社内用のオフィス移転マニュアルの作り方
東京都の賃料は安くはないので、生活様式が変わったことによって、業務にあった最小の規模のオフィスへの移転を考えている企業も多くあるようです。移転となると業務が滞るなどの期間が発生して、その分の収入に影響する恐れがあります。できるだけ短い期間で移転するためには、しっかりとした移転マニュアルを作っておいた方がよいでしょう。
オフィス移転で注意しなければならないこと
オフィス移転となったときに「単なる引越し」と考えてしまうと、トラブルが発生してしまう可能性があります。物理的な移動は比較的計画しやすく、大きな問題になることはありません。それよりも、今まで行っていた業務ができなくなる期間があるということが問題になります。それゆえに、業務の継続という視点で計画をしなければいけません。
業務の継続というのは、新しい場所でいままでしていたことを実現するために何が必要かを考えることです。場所が変わったことでそれほど大きな変化が起こると思わないかもしれませんが、ちょっとした動線の変化がパフォーマンスに与える影響は少なくありません。とくに規模の変化は設備や手順の変更を必要とすることが多くあります。設備や手順の変更点を比較して、現場に説明する機会が必要となります。
なかなか実感がわかないこともあるので、トライアルで感覚を確認してもらう方法もあります。主要となるシステムであれば必ず問題点を確認しておかなければいけません。移転ではなくシステムの変更として考えて計画した方が安心です。従業員の通勤経路なども変更になるため、事前に申告させてトラブルにならないようにしておいた方がよいでしょう。意外と気に留められないことが、昼食などのサポートです。東京ではランチタイムの混雑は大きな問題となります。
オフィス移転をスムーズに行うためのマニュアルの作り方
オフィス移転のマニュアル作成は、手続きや引越し、業務や環境などのカテゴリーに分けて作成すると漏れがなくなります。それぞれ別々に作成して、後から編集しながら調整をするとわかりやすいでしょう。最初から日程をメインとして考えると複雑になりすぎて混乱することになります。すべきことを時間に落とし込んでいく作業の方が、漏れなく進めることができます。
マニュアルを作成するときは、できるだけチームで行った方がよいでしょう。主担当を決めることも重要ですが、すべてを1人で考える必要はなく、専門性のある人に作ってもらう方が正しいものができ上がります。そのときに大切なことは、スケジュールは決定させないということです。期日を書き込ませる形式で調整可能な状態にしておくと、後からトラブルにならないので安心です。
マニュアルにはどのように実施するかではなく、結果としてあるべき状態を記入させて、必要なら手順を追記してもらうぐらいにしておくのがおすすめです。よくあることとして、実際にやってみると思っていたのと違ったということがあります。
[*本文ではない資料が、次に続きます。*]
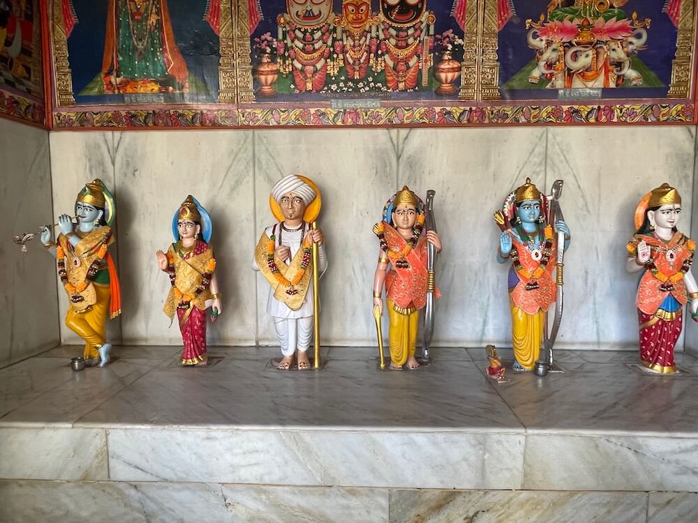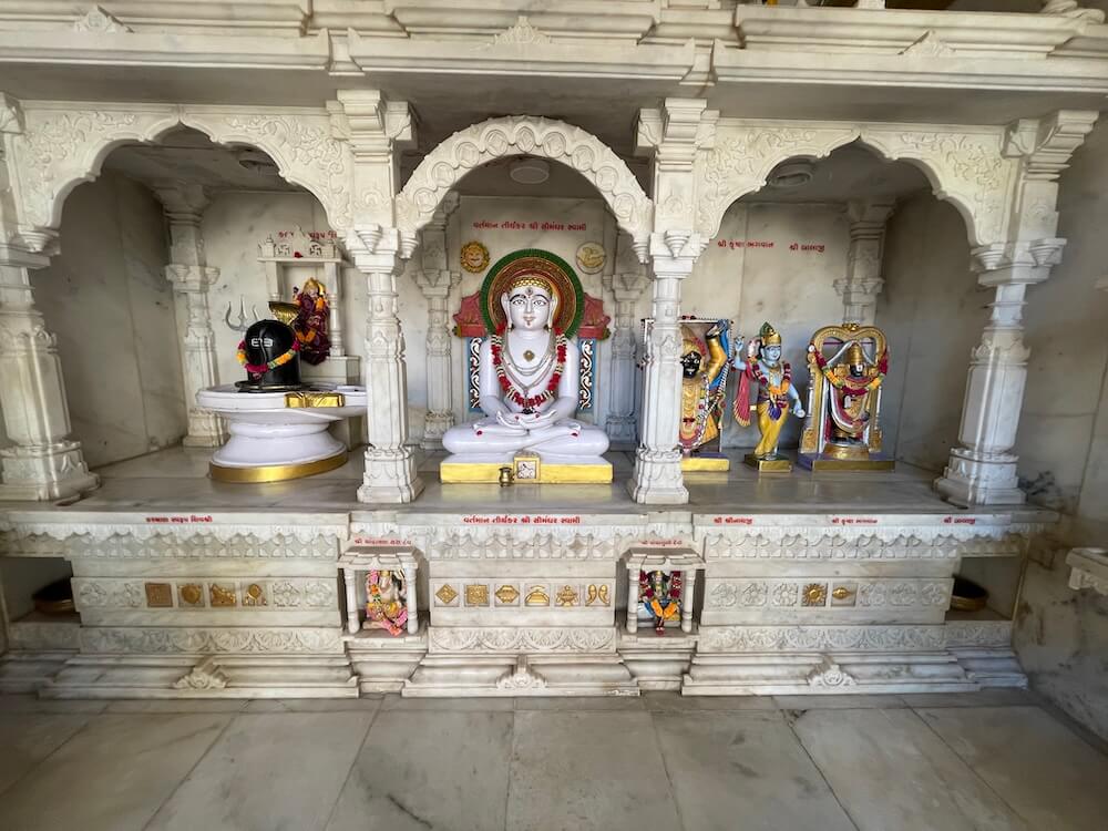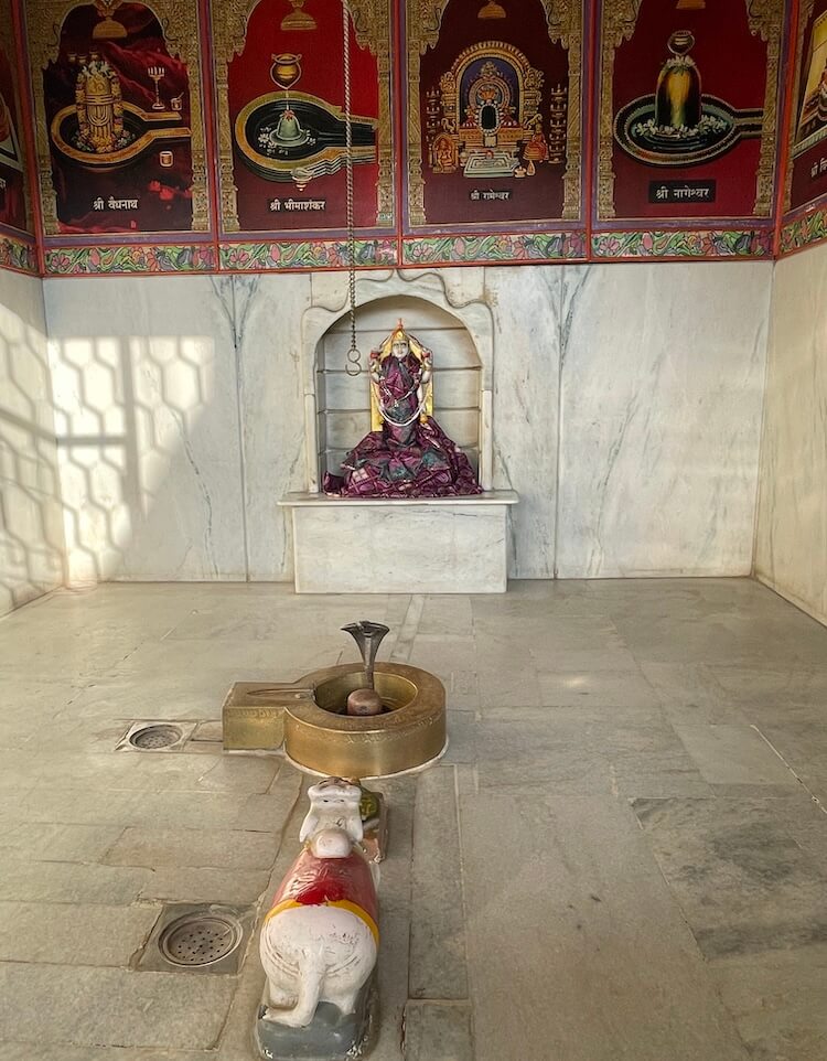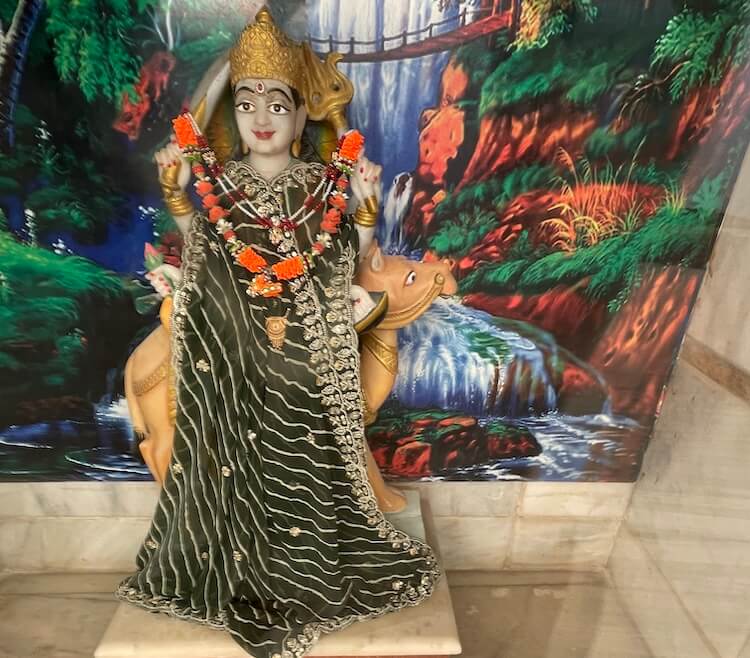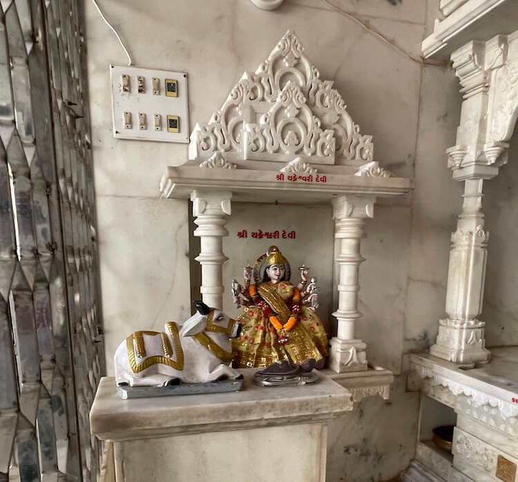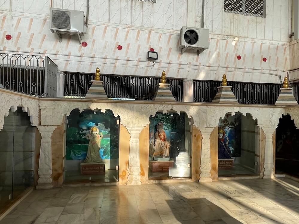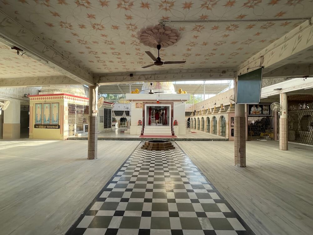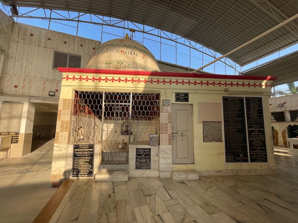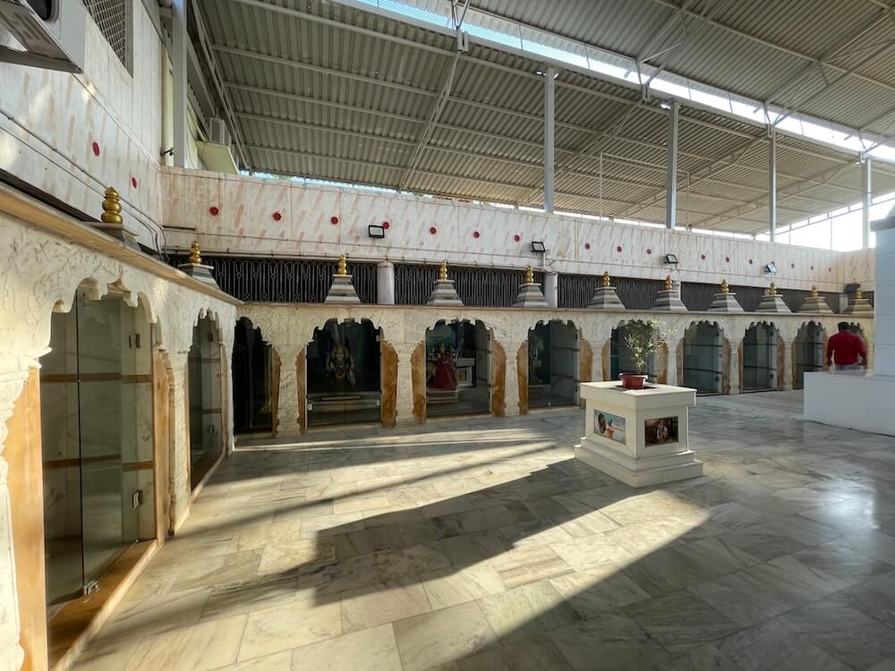 A shrine for Batuk Bhairav is also included in this area. In the second row of the courtyard, the idols of Chakreshwari Devi and a Shivpind (representation of Lord Shiva) are arranged in a specific sequence alongside Vardhman Bhagwan (the Tirthankar of Jainism), Shrinathji, Shri Krishna, Venkatesh Swami and Padmavati Devi. In the adjacent second temple, there are beautiful idols of Radha-Krishna, Jalaram Bappa and Shri Ram, Lakshman and Janaki. On the left side of the courtyard is a separate temple dedicated to Koteshwar Mahadev. At the centre of this temple is a Shivpind with an idol of Nandi nearby. An idol of Mother Parvati resides in a niche on the wall behind the ‘Pind’. A well-equipped and semi-open hall has been constructed in this courtyard for various cultural and religious programmes.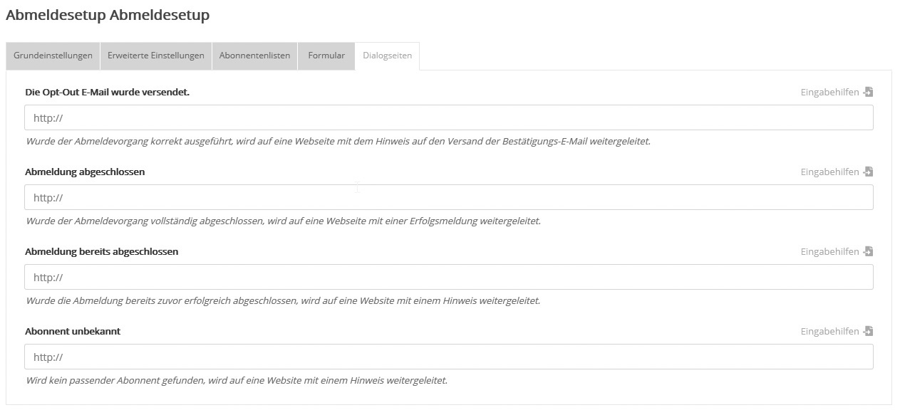 AbonnentenlistenJe nachdem, ob die Abmeldung per Newsletter-Link oder per Website-Formular stattfindet, wird der Abonnent aus folgenden Listen abgemeldet: Variante 1: Abmeldelink im NewsletterFür Standardmails gilt: Zusätzlich zu den auf dem Reiter 'Abonnentenlisten' gewählten Listen findet die Abmeldung auch in den angeschriebenen Listen statt. Für Kampagnen- und Dialogmails gilt dieser Zusatz nicht, da diese nicht an eine bestimmte Liste verschickt werden. Variante 2: Abmeldeformular auf WebsiteDie Abmeldung findet in den unter 'Abonnentenlisten' markierten Listen statt, und wenn vorhanden, dann auch in den direkt im Formular zur Auswahl durch den Nutzer angebotenen Listen (siehe nächster Abschnitt 'Formular'). Beides gleichzeitig ist nicht möglich. Das heißt: Sobald Sie eine Liste im Reiter 'Abonnentenlisten' markiert haben (und damit fest vorgeben), kann sie nicht gleichzeitig im Abmelde-Formular (ab)wählbar sein. Im dem Fall wird sie automatisch aus dem Formular entfernt und umgekehrt. Sonderfall beim Abmeldeformular: Ist keine Liste zur Abmeldung markiert und auch im Formular keine enthalten, dann findet die Abmeldung in allen Listen statt. Damit wird der Abonnent auch aus der 'Abonnentenverwaltung' entfernt. FormularHier erstellt bm_mail automatisch den Quellcode für ein Abmeldeformular, das Sie auf Ihrer Website einbinden können. Den Inhalt des Formulars stellen Sie per Drag&Drop zusammen. Die Bedienung ist identisch zum Anmeldeformular-Editor. Nach Klick auf den Button 'Test des Formulars' wird Ihr neues Abmeldeformular angezeigt und die Funktion lässt sich anhand realer Abmeldungen testen. Geben Sie gültige und ungültige Abonnentendaten ein, um die entsprechenden Textmeldungen bzw. Dialogseiten zu prüfen. Ein während des Tests abgemeldeter Abonnent lässt sich unter 'Abonnenten' -> 'Abmeldungen' wiederherstellen. --> Hinweis zu Abmeldungen beim Testversand: Solange es sich um den Testversand eines Mailings handelt, findet bei Klick auf den Abmeldelink keine Abmeldung statt. Stattdessen wird lediglich eine Bestätigung angezeigt, ob das Abmeldesetup korrekt eingerichtet wurde. Erst beim späteren realen Versand findet eine tatsächliche Abmeldung statt und es erscheint die von Ihnen eingestellte Dialogseite, die Sie unter 'Formular testen' jederzeit testen können. Dialogseiten |

記載されていることが使えなくなるとその場で新しい手順を決めなければいけません。
結果を決めるだけであれば、現場で状況に合わせて適当に対応ができます。それでも完成した状態は変わらないはずですから、最終的には問題になりません。自由度の高いものに作り上げた方が現場での混乱が起きにくいのでおすすめです。
オフィス移転のマニュアルはそのあとが大事
オフィス移転は終わった後の方が重要です。新しい職場で業務を始めた時に、細かなトラブルは発生するでしょう。そのときに前はどうしていたか、何をどう変えたのかを確認できるのがマニュアルです。計画通りに実行できることはまれで、必ず当日に変更されることがでてきます。それらを記録として残しておくと、後から発生したものに対して対応がスムーズになります。
主担当だった人は、移転後にできるだけ多くの情報を収集して移転の記録を作り上げましょう。そして、それを共有できるように社内に公開することが重要です。何かわからないことがあればそれを見直して検討します。とくに規模が変わったときなどは、大きな変化が発生します。思っていたこと以外で修正を必要とすることがあるでしょう。
新しい場所で仕事をする上でのルールも重要です。ゴミの出し方や施錠の仕方など、一部の人だけが知っているのは意味がありません。新たに入社する人にとってもそのようなルールブックがあれば理解しやすくなります。移転マニュアルをその後も継続して改定すると、企業の業務マニュアルとして利用可能です。設備のリストや人員の配置なども元のデータとして使うことができて便利です。
行政への手続きについてもリスト化してあると、確認のためのチェックリストとして使うことができます。移転マニュアルは業務継続の手順でもあるので、災害対策を検討する際の元にもなるはずです。
賃料の高い東京でのオフィスエリアの確保は、収益に大きく影響します。ビジネスの戦略としてさまざまな検討が必要となります。時には何度も繰り返し移転することも考えられますので、マニュアル化して効率的に実施できるようにすると負担が少なくなります。